How do you factor #n^3 - 3n^2 + 2n - 990 = 0 #?

1 Answer
Jul 24, 2015

Answer:

Use the rational roots theorem and some approximating to find:

#f(n) = n^3-3n^2+2n-990 = (n-11)(n^2+8n+90)#

Explanation:

Let #f(n) = n^3-3n^2+2n-990#

By the rational roots theorem, any rational roots of #f(n) = 0# must be of the form #p/q# where #p# and #q# are integers, #q != 0#, #p# a divisor of the constant term #-990# and #q# a divisor of the coefficient, #1#, of the term #n^3# of highest degree.
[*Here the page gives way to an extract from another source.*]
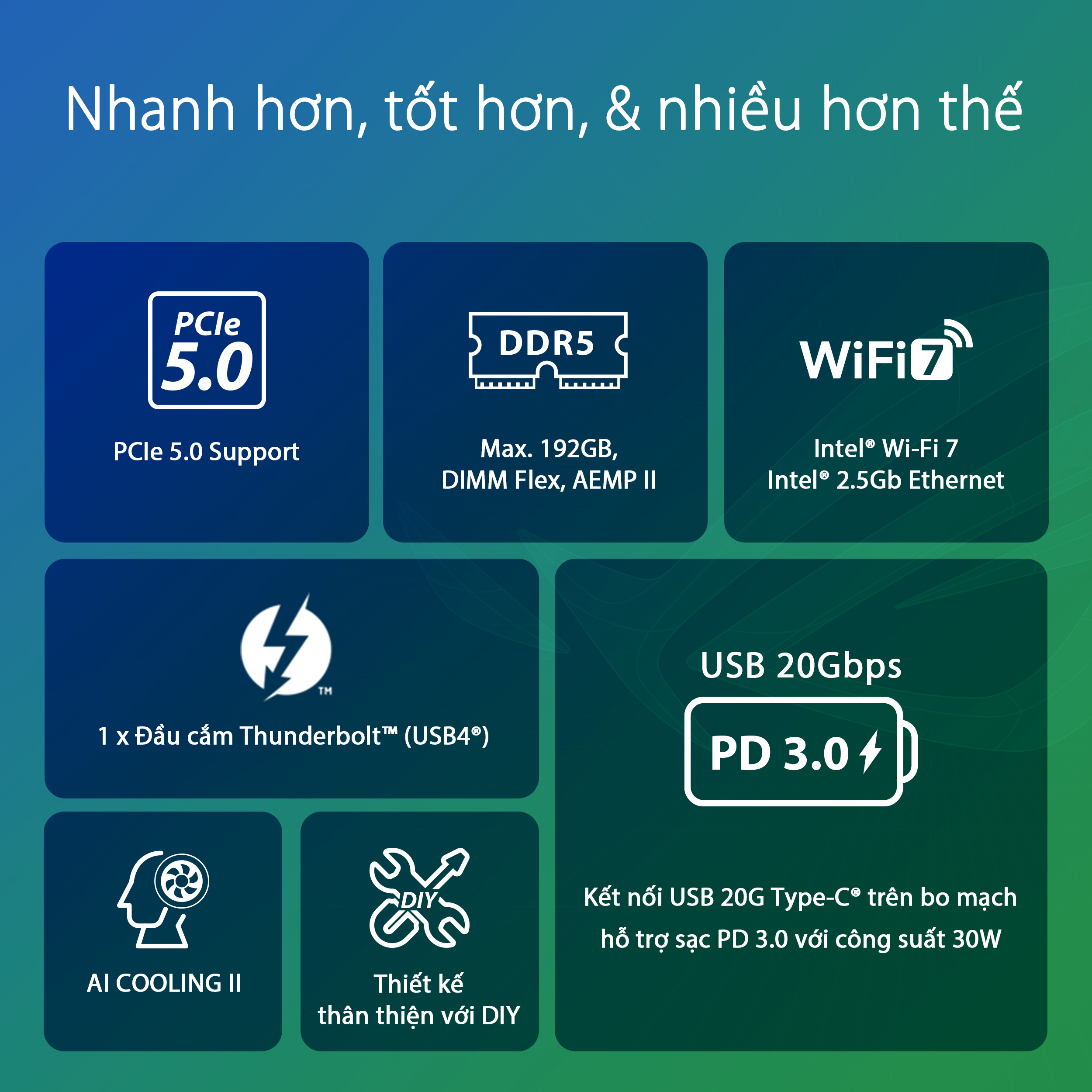| Không dây và Bluetooth | Intel® Wi-Fi 7* 2x2 Wi-Fi 7 (802.11be)** Hỗ trợ băng tần 2,4/5/6GHz*** Hỗ trợ băng thông Wi-Fi 7 160 MHz, tốc độ truyền lên tới 2,4Gbps. Bluetooth® v5.4**** * Tương thích với Windows 11 trở lên. ** Hỗ trợ đầy đủ chức năng Wi-Fi 7 MLO(Multi-link Operation) sẽ sẵn sàng trên Nền tảng Windows 11 2024 (Windows 11 24H2) trở lên. *** Quy định về băng tần và băng thông Wi-Fi 6GHz có thể khác nhau giữa các quốc gia. **** Phiên bản Bluetooth có thể khác nhau, vui lòng tham khảo trang web của nhà sản xuất mô-đun Wi-Fi để biết thông số kỹ thuật mới nhất. |

So the only possible rational roots are the factors of #990#, viz

#+-1#, #+-2#, #+-3#, #+-5#, #+-6#, #+-9#, #+-10#, #+-11#, #+-18#, #+-22#, #+-30#, #+-33#, #+-45#, #+-55#, #+-90#, #+-99#, #+-110#, #+-165#, #+-198#, #+-330#, #+-495#, #+-990#

That's rather a lot of factors to check (and I'm not sure I found all of them), so let's try to get closer:

#n^3-3n^2+2n = 990#

So try #n^3 ~= 990#, say #n ~= 10#

#f(10) = 1000-300+20-990 = -270#
#f(11) = 1331-363+22-990 = 0#

So #(n-11)# is a factor.

Divide #f(n)# by #(n-11)# to find:

#f(n) = n^3-3n^2+2n-990 = (n-11)(n^2+8n+90)#

The discriminant of #n^2+8n+90# is:

#8^2-(4*1*90) = 64 - 360 = -296#

So there are no more linear factors with real coefficients.